# Grid search

**Runs k-fold cross-validation on a grid of provided input parameters (all combinations) and returns the combiation that results in the best performance, selected by a given scoring function**

In [1]:
import numpy as np
import math

import log_metrics
from logistic_regressor import LogisticRegressor

from grid_search import grid_search

**Generate dataset**

In [2]:
size =100

coefficients = [0,-1.4,2.1,-3,10.4,-8]
X = np.ones((size,len(coefficients)))
for i in range(1,len(coefficients)):
    X[:,i]=np.random.rand(size)
y = np.vectorize(lambda x: round(1/(1+math.exp(-x))))
y = y((X*coefficients).sum(axis=1) + np.random.normal(size=size))

**Estimator**
<br>
No need to fit

In [3]:
log = LogisticRegressor()

### Grid search

**Dictionary of input parameters to test**
<br>
keys are the parameters names (must match the estimator's input) and the value is a list of all parameters to try

In [4]:
args = {'method':['batch'],'learning_rate':[0.2,0.1,0.01],'epochs':[100,200,500]}

**Perform fitting, using all possible combinations:**
<br>
In this example, it is 1x3x2 combinations, each running 3 times (for the CV)
<br>
Note: Default scoring function is the estimator's default (total accuracy for Logistic Regressor)

In [5]:
grid_search(log,X,y,args,cv_k=3)

{'method': 'batch', 'learning_rate': 0.2, 'epochs': 500}

A single value can be given as a 1-element list (as above) or simply as a value:

In [6]:
args = {'method':'batch','learning_rate':[0.2,0.1,0.01],'epochs':[100,200,500]}

grid_search(log,X,y,args,cv_k=3)

{'method': 'batch', 'learning_rate': 0.2, 'epochs': 500}

### Scoring functions

**Any scoring function that processes real_y and predictions will work**

In [7]:
def rate_of_false_positives(real_y,predictions):
    return (real_y[real_y!=predictions]==0).sum()/len(real_y)

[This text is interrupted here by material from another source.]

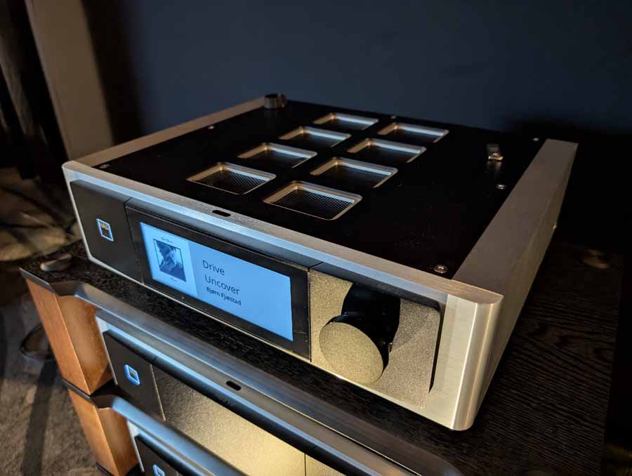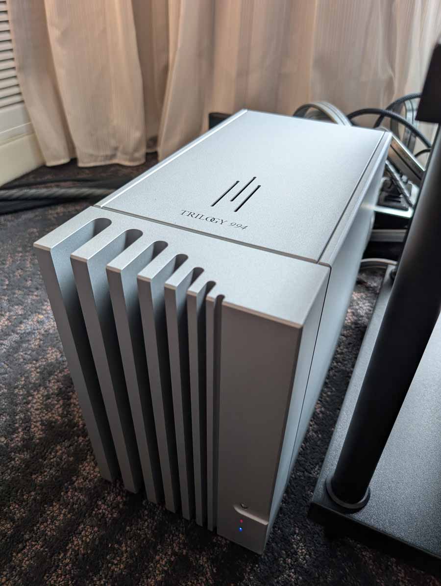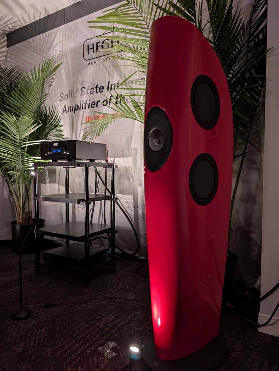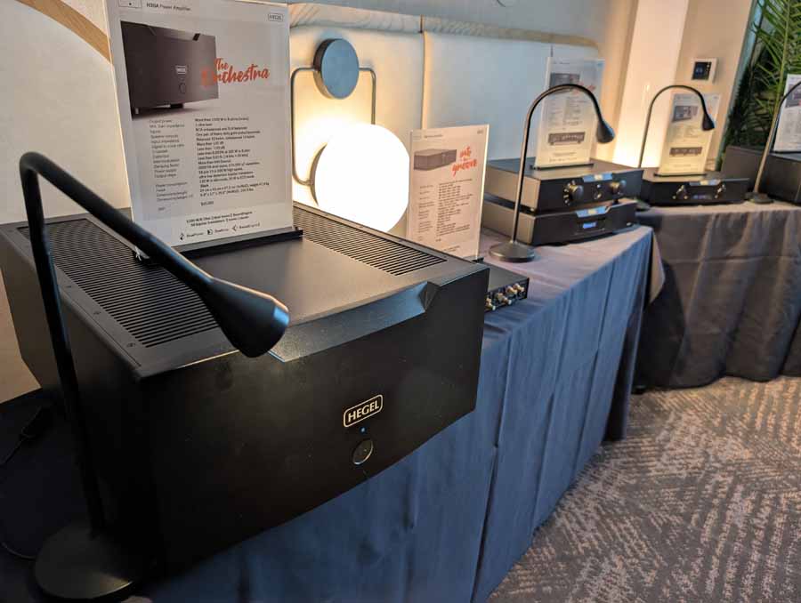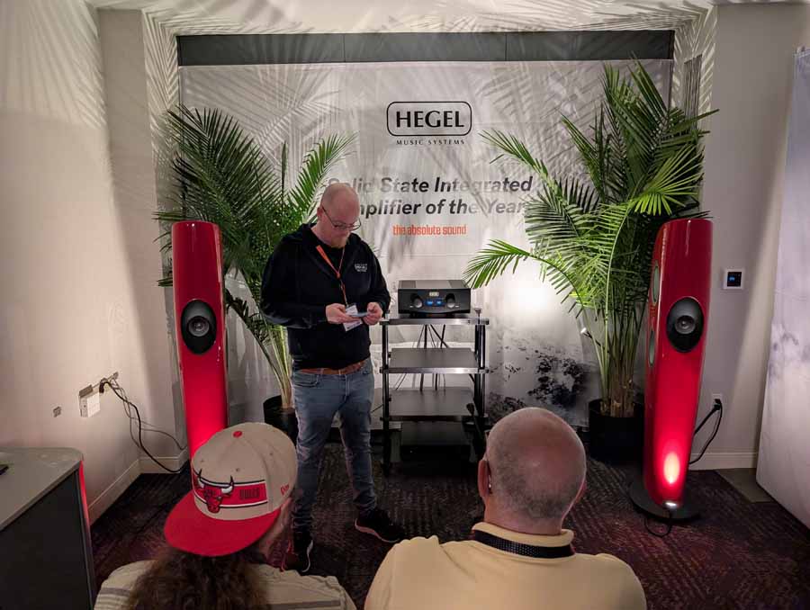 In their demo room they had their flagship H600 integrated amplifier driving the KEF Blade Two Meta loudspeakers. The setup was wired throughout with AudioQuest cabling, and it was a powerful yet detailed performance, with the Hegel keeping excellent control over the KEF speakers.

`grid_search(log,X,y,args,cv_k=3,scoring=rate_of_false_positives)` will give a wrong result, because the rate of false positives should be minimized (accuracy, which was the default should be maximized

**User can specify how to evaluate the output of the scoring function**

In [8]:
grid_search(log,X,y,args,cv_k=3,scoring=rate_of_false_positives,maximize=False)

{'method': 'batch', 'learning_rate': 0.2, 'epochs': 500}